Private: Do Not Read!
Age 13, USA
I was thirteen. My sister was eighteen. I read her diary.
There were things about her life I wish I never knew. Like the guys she had been with and what she had done with them. I also read that she was hanging out in the city, drinking and doing dangerous things, like meeting strangers. I read how she longed to be loved by her boyfriend and how she felt so dumb in school. I read about her deep insecurities and her lack of self-worth.
I never, ever could have imagined my sister doing the things she wrote about. I never, ever could have imagined her feeling the way she felt about herself.
Her diary held her secrets, secrets I didn’t want to know, secrets she didn’t want me or anyone else to know, and I had no idea how to handle it. Her words confused me. The sister in the diary wasn’t the sister I knew and loved and fought with.
And one day, when I was angry with her, I let something slip about her insecurities. That’s when she knew I had violated her privacy. She was furious.

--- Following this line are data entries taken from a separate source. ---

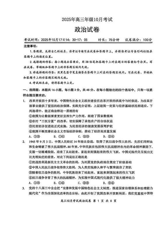 高三政治+答案--湖北云学联盟2026届高三上学期10月考试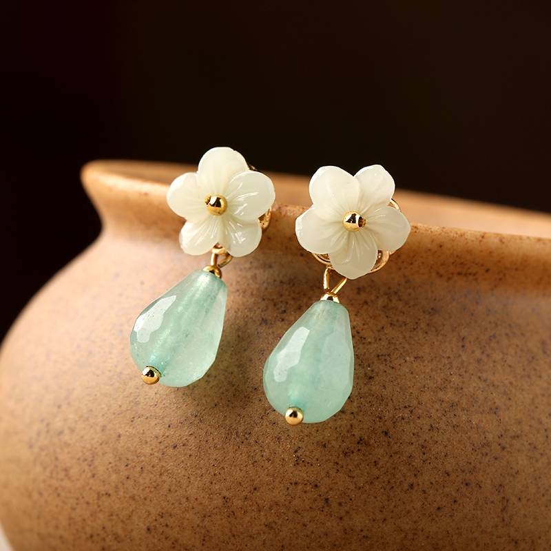 925银针轻奢耳钉女蕾丝高级感复古祖母绿水滴宝石小众气质耳环女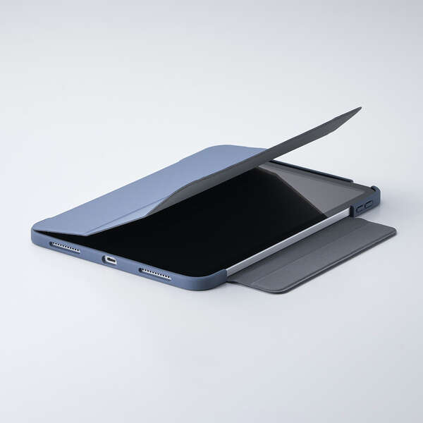 持ち歩き時に画面を保護するフラップ付きです。フラップを閉じるとスリープモードになり、開けるとスリープから復帰します。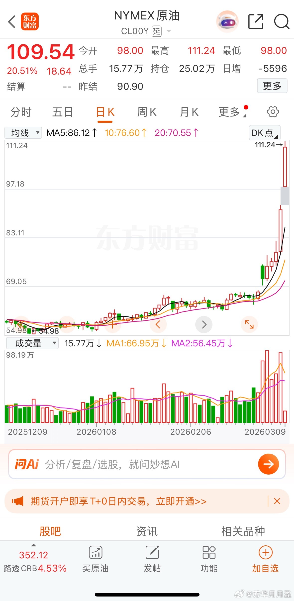 上周五晚原油大涨,今早一看继续大涨,果真到了100美元以上。这表明美伊战争升级的趋向,可今早美黄金不涨反跌,日经已大跌6个多点。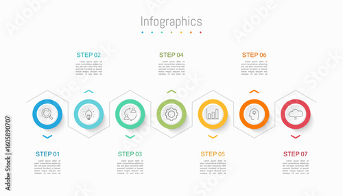 Infographic 7 options design elements for your business data. Vector Illustration.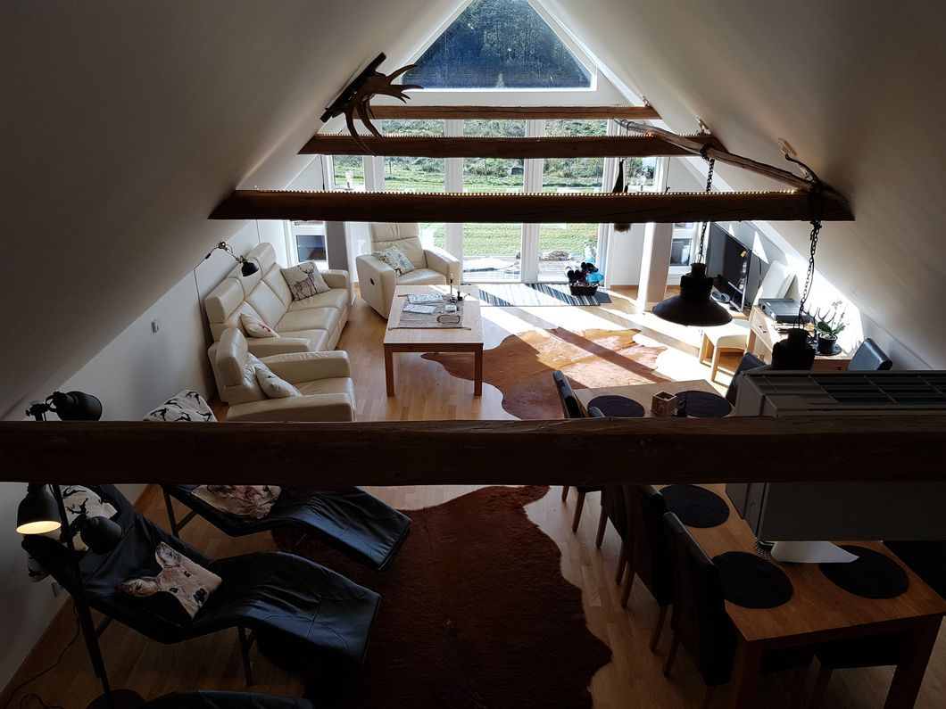 The apartment can house a maximum of eight people, with the possibility to add a couple of beds upon request. Two of the bedrooms consist Queen Size beds, while there is a loft with the remaining four single beds. There are two bathrooms with a shower each to meet our guests presumably wishes to keep fresh scented, and a well equipped kitchen to make it as available as possible to stay well fed during your holiday. In the spacious living area there are plenty of room for our guests to hang out. You could all cuddle up in front of the TV, spread out a boardgame across the dining table or just relax with a good book in one of the lounge chair. On particularly warm summer evenings (or any evenings really..) the great balcony makes a perfect spot for drinking wine, coffee or other liquids of your choice. If you are lucky, which we are pretty often, you might even be able to spot a deer or two, or ten, from up there!

I apologized and eventually she forgave me. But it changed our relationship.
What did you learn?
The experience made me realize that it was a horrible invasion of privacy. I also recognized that if we had changed places, I would have felt violated, too. But worst of all, once you learn things painful, private things about another person, especially someone you love, they’re impossible to forget and pretending you don’t know is painful.